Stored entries
------------------------------------------------------------
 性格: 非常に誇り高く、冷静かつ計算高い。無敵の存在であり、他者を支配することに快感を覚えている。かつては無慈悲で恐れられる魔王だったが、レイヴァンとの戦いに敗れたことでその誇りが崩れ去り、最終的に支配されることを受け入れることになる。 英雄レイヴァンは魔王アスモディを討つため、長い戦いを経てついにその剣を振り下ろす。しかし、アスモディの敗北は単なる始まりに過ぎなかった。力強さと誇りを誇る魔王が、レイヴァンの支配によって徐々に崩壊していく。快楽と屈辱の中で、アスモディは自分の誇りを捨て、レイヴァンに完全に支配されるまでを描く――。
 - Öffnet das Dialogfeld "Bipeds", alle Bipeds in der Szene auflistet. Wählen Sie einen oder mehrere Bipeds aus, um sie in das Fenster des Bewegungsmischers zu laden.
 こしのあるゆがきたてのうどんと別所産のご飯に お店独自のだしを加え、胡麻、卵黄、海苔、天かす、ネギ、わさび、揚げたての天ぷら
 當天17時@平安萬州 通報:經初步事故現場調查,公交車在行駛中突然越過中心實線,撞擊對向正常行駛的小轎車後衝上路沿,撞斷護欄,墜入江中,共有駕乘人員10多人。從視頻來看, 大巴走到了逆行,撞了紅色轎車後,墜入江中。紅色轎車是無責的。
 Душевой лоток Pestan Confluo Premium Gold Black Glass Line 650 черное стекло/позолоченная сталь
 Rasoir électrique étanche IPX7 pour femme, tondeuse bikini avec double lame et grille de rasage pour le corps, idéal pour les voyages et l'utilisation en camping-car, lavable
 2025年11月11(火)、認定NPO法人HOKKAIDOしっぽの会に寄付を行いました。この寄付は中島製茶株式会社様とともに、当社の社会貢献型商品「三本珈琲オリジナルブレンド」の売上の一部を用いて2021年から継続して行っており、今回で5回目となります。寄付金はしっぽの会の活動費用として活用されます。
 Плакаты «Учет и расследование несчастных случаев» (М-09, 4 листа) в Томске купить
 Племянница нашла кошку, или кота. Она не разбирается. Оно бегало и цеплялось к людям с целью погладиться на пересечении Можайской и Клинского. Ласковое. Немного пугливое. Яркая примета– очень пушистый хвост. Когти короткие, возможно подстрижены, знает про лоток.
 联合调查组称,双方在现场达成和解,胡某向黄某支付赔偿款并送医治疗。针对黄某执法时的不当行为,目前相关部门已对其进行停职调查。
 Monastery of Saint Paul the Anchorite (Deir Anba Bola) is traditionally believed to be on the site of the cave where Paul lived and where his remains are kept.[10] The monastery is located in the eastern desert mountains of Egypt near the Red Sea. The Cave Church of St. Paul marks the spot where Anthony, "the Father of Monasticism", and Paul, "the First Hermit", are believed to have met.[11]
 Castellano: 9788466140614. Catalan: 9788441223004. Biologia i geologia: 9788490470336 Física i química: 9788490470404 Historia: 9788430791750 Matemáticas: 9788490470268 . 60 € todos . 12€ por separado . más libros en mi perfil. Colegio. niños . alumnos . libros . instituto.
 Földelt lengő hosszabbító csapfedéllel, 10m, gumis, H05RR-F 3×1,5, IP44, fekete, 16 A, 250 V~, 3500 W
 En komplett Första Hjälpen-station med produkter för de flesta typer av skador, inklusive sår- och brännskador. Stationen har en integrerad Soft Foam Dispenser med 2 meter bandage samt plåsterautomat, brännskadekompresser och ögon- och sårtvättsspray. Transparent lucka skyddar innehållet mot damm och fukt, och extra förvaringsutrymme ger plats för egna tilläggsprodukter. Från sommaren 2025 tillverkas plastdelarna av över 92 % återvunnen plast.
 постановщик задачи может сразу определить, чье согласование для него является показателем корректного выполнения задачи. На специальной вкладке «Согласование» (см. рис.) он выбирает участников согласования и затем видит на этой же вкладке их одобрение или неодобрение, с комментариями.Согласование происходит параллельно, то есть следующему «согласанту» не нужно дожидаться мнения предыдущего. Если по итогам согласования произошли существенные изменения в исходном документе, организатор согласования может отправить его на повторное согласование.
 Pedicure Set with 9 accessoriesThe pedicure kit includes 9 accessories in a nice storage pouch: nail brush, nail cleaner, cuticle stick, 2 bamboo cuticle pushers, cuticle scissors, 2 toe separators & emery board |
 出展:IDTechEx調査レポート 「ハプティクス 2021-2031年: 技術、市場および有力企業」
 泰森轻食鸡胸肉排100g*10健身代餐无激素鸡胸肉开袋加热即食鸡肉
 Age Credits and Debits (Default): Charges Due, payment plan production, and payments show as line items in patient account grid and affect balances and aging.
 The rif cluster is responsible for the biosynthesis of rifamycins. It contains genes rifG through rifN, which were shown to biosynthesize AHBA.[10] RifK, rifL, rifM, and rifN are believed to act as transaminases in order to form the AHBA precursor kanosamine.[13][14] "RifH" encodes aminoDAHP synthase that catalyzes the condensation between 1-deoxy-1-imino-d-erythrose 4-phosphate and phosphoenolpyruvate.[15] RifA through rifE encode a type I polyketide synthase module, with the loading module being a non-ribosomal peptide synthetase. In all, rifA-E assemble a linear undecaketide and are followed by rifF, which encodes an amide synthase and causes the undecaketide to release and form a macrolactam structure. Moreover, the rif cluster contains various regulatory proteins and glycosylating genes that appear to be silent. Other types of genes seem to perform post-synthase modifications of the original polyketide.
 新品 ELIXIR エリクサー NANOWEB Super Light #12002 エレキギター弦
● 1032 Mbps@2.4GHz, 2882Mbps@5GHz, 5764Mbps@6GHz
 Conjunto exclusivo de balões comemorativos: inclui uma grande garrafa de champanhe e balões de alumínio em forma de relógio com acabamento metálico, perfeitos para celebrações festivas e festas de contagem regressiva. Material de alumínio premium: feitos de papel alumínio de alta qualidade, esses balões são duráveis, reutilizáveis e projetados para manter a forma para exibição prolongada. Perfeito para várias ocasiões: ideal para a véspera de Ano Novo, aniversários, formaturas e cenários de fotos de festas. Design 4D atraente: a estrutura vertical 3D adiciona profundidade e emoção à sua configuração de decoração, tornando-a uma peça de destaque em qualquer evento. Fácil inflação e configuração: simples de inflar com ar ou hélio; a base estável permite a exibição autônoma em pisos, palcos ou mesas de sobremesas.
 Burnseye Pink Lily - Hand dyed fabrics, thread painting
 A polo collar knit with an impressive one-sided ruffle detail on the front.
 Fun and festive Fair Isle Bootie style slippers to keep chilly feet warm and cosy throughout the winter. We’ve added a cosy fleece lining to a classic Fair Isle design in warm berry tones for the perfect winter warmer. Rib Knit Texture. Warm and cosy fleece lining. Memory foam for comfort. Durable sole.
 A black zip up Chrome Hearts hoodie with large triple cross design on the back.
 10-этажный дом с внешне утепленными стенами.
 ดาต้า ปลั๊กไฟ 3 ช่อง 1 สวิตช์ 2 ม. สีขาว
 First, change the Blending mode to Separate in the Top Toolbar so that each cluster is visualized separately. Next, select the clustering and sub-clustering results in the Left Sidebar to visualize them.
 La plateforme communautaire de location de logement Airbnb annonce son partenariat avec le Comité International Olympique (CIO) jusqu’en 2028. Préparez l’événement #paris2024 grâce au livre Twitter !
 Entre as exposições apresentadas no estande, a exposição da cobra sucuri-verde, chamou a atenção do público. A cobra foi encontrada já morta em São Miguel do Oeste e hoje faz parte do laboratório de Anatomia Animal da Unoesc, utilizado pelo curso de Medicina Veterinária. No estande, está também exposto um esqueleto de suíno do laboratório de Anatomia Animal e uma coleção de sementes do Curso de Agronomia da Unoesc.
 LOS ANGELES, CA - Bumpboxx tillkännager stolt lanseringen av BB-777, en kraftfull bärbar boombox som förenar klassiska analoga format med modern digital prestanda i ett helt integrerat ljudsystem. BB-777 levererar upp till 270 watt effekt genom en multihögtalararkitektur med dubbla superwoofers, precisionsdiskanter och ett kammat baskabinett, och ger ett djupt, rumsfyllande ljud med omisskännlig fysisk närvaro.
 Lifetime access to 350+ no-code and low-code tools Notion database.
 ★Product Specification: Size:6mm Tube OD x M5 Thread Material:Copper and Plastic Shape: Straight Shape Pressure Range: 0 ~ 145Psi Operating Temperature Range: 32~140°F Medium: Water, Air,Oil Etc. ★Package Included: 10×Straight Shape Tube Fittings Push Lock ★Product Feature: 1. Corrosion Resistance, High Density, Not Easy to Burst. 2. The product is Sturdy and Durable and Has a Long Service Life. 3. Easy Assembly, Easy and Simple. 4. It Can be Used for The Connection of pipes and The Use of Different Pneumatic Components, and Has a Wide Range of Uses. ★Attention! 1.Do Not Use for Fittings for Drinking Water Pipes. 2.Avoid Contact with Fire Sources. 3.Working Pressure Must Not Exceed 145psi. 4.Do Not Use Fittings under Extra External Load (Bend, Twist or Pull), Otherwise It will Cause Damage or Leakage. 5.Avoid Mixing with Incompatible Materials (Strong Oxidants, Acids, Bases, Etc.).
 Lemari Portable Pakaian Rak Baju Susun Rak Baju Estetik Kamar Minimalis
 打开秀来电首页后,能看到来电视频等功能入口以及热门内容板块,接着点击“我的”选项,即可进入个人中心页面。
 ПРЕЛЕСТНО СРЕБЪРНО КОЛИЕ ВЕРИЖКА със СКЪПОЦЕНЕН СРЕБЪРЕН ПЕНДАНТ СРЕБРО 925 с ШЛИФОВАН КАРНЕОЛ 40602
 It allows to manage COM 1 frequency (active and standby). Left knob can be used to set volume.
------------------------------------------------------------
### WHAT TO WORK ON:
Look above for the line holding "出展:IDTechEx調査レポート 「ハプティクス 2021-2031年: 技術、市場および有力企業」". Print it and every line after it, exactly, through the line holding "A polo collar".

### FINISHED EXERCISE:
 出展:IDTechEx調査レポート 「ハプティクス 2021-2031年: 技術、市場および有力企業」
 泰森轻食鸡胸肉排100g*10健身代餐无激素鸡胸肉开袋加热即食鸡肉
 Age Credits and Debits (Default): Charges Due, payment plan production, and payments show as line items in patient account grid and affect balances and aging.
 The rif cluster is responsible for the biosynthesis of rifamycins. It contains genes rifG through rifN, which were shown to biosynthesize AHBA.[10] RifK, rifL, rifM, and rifN are believed to act as transaminases in order to form the AHBA precursor kanosamine.[13][14] "RifH" encodes aminoDAHP synthase that catalyzes the condensation between 1-deoxy-1-imino-d-erythrose 4-phosphate and phosphoenolpyruvate.[15] RifA through rifE encode a type I polyketide synthase module, with the loading module being a non-ribosomal peptide synthetase. In all, rifA-E assemble a linear undecaketide and are followed by rifF, which encodes an amide synthase and causes the undecaketide to release and form a macrolactam structure. Moreover, the rif cluster contains various regulatory proteins and glycosylating genes that appear to be silent. Other types of genes seem to perform post-synthase modifications of the original polyketide.
 新品 ELIXIR エリクサー NANOWEB Super Light #12002 エレキギター弦
● 1032 Mbps@2.4GHz, 2882Mbps@5GHz, 5764Mbps@6GHz
 Conjunto exclusivo de balões comemorativos: inclui uma grande garrafa de champanhe e balões de alumínio em forma de relógio com acabamento metálico, perfeitos para celebrações festivas e festas de contagem regressiva. Material de alumínio premium: feitos de papel alumínio de alta qualidade, esses balões são duráveis, reutilizáveis e projetados para manter a forma para exibição prolongada. Perfeito para várias ocasiões: ideal para a véspera de Ano Novo, aniversários, formaturas e cenários de fotos de festas. Design 4D atraente: a estrutura vertical 3D adiciona profundidade e emoção à sua configuração de decoração, tornando-a uma peça de destaque em qualquer evento. Fácil inflação e configuração: simples de inflar com ar ou hélio; a base estável permite a exibição autônoma em pisos, palcos ou mesas de sobremesas.
 Burnseye Pink Lily - Hand dyed fabrics, thread painting
 A polo collar knit with an impressive one-sided ruffle detail on the front.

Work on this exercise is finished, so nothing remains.